Let's move on to Matt Flahive. Flahive, of course, has slowly moved left since I've been here - if he hadn't, he might still be at the Review. His proposal for shortening winter break actually has some merit to it. Personally, my winter break consisted of a week and a half at home, not doing much, followed by two and a half weeks back here in Ithaca, not doing much other than work. I have to take issue with Flahive's contention that we should get a free winter session course each year. The price of the winter session courses is, however, all the more reason to scuttle the lengthy winter break. The public schools seem to have this one right - one week for the holidays, and that's it. Cornell might need two, because we have to have that five or six day pre-classes period for any number of things, most notably the monstrosity known as "rush." Getting Cornell to take unilateral action on this might be tough. When Mr.
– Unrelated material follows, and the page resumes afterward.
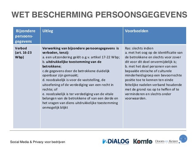 Wet bescherming persoonsgegevens uitleg. De wbp is in nederland de basis voor de bescherming van de persoonsgegevens. Anderen mogen die gegevens niet vewerken. Bent u hier via een pagina in wikipedia terechtgekomen. Daarnaast mogen persoonsgegevens slechts worden verzameld als daarvoor een precieze doelomschrijving wordt gegeven. De cliëntenraad aan zet het recht op privacy is geregeld maar er zijn uitzonderingen. Tevens houdt het college toezicht op de verwerking van persoonsgegevens in nederland wanneer de verwerking plaatsvindt overeenkomstig het recht van een ander land van de europese unie.

Hunter R. Rawlings III was president of the University of Iowa, he threatened to end freshman eligibility for varsity sports (most notably football). This threat led to him being put in his place by both the head football coach and the governor of Iowa. But I digress. A shorter winter break has one additional benefit - it would distinguish Cornell as a place committed to immersing its students in the academic culture. Cornell seems to already be attempting to making such a distinction, with the living-learning environment on West Campus. Keeping students engaged in their classwork (rather than giving them a month to forget everything they learned in the fall) is another logical step in this progression.
I'm not going to waste time with Mary Beth Grant's "Administrative Perspective." All I'm going to say is that any piece with the grammatically hideous headline "Fake IDs Are A Crime" is not worth my words.
And finally, for the editorial. It's great to see the faculty talking about ways to improve the quality of the education. After all, any increase in student satisfaction filters down to the rest of the university in the form of more satisfied (and more generous) alumni, better incoming students, and a better overall reputation for Cornell. But the Sun's contention that "[t]he burden of student satisfaction lies squarely with the professors conducting the lectures" is baseless. Office hours are posted and mentioned in class. Students have just as much of a burden as faculty - they have the responsibility of seeking out professors and teaching assistants when they are having difficulty with their work. The Daily Sun would like to have us believe that it doesn't matter whether a student is a regular or a no-show at office hours and review sessions - his or her satisfaction is not dependent on that variable. I know, from painful experience, that it just isn't true. It's a big part of the reason why 13,000 Cornellians started a new semester of classes today - and I didn't.